Publication year - 2023
Publication title -
cancer medicine
Language(s) - English
Resource type - Journals
SCImago Journal Rank - 1.403
H-Index - 53
ISSN - 2045-7634
DOI - 10.1002/cam4.5038
Subject(s) - medicine , cytology , pleural effusion , biopsy , malignant pleural effusion , effusion , mesothelioma , lung cancer , cancer , radiology , pleural disease , respiratory disease , pathology , lung , surgery
Abstract Background Pleural effusion can be caused by a wide range of benign and malignant conditions. Pleural biopsy and effusion cytology represent two key methods of pathological diagnosis. To compare the performance these two methods, a large cohort of matched pleural biopsy and effusion cytology with clinical follow‐up was reviewed.

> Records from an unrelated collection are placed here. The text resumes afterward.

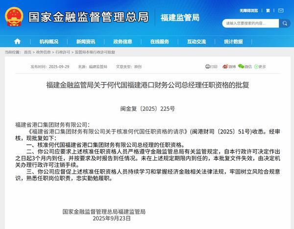 何代国获批担任福建港口财务公司总经理 作者:LR •更新时间:2025-09-30 10:16:29•阅读 0 财经9月30日讯 昨日,福建金融监管局公布相关批复,核准何代国福建省港口集团财务有限公司(简称“福建港口财务公司”总经理的任职**。以下是相关批复正文: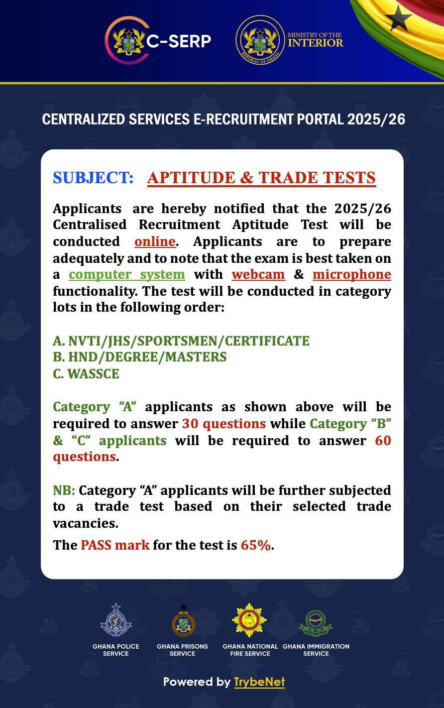 Category C applicants, consisting of WASSCE holders, will have their test from Wednesday, February 18, to Sunday, February 22, 2026, and will also be required to answer 60 questions.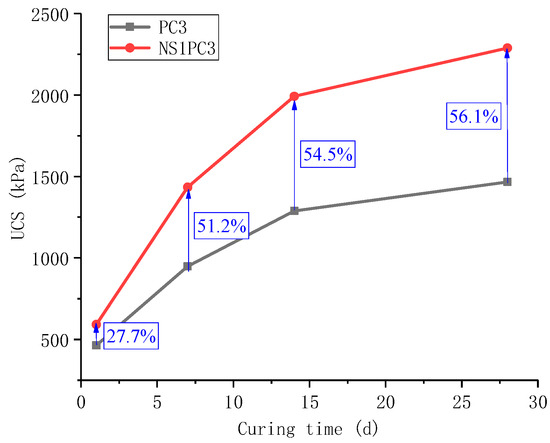 Figure 6 shows the comparison of unconfined compressive strength with curing time for the addition of 1% nano-SiO2 with and without the addition of nano-SiO2, provided that the cement admixture is 3%. The NS1PC3 combination of nano-SiO2 synergistically modified with cement showed a large increase in unconfined compressive strength with curing time. For the same curing age, the unconfined compressive strength of the NS1PC3 synergistically modified combination increased by 27.7%, 51.2%, 54.5%, and 56.1%, respectively, compared to the PC3 alone modified combination. In addition to this, there is a characteristic that the growth of the lateral limit compressive strength tends to increase from 1 to 7 d, and the subsequent growth is more moderate, indicating that the growth rate of the lateral limit compressive strength is mainly concentrated from 1 to 7 d. This indicates that the synergistic effect of nano-SiO2 and cement improves the early unconfined compressive strength of the red mud-based stabilized soil.

Methods Pleural biopsies and effusion cytology specimens over a period of 18 years were retrieved. Cytology specimens collected within 7 days of pleural biopsy were matched. Reports were reviewed, and the cause for pleural effusion was determined by hospital disease coding and clinical data. Results Totally, 3026 cases were included. The leading cause of benign effusion was tuberculosis ( n  = 650). Malignant pleural effusion (MPE) was more common in older females ( p  < 0.001) and mostly due to lung cancer ( n  = 959), breast cancer ( n  = 64), and mesothelioma ( n  = 48). The inadequate/insufficient (B1/C1) rate of biopsy was higher than cytology (15.6% vs. 0.3%) but the rates for other diagnostic categories were similar. Biopsy and cytology showed a correlation coefficient of 0.315, improving to 0.449 when inadequate/insufficient (B1/C1) cases were excluded. The ROM for benign cytology (C2) was lower than biopsy (B2) ( p  < 0.001). Compared with biopsy, the diagnostic accuracy was higher in cytology overall and for metastatic carcinomas ( p  < 0.001) but lower for hematolymphoid malignancies ( p  = 0.014) and mesotheliomas ( p  = 0.002). Conclusions These results suggest that effusion cytology may be better for confirming benignity and diagnosing carcinomatous MPE. In these cases, pleural biopsy may be withheld to reduce procedural risks. However, for suspected hematolymphoid malignancies and mesothelioma, biopsy should be considered.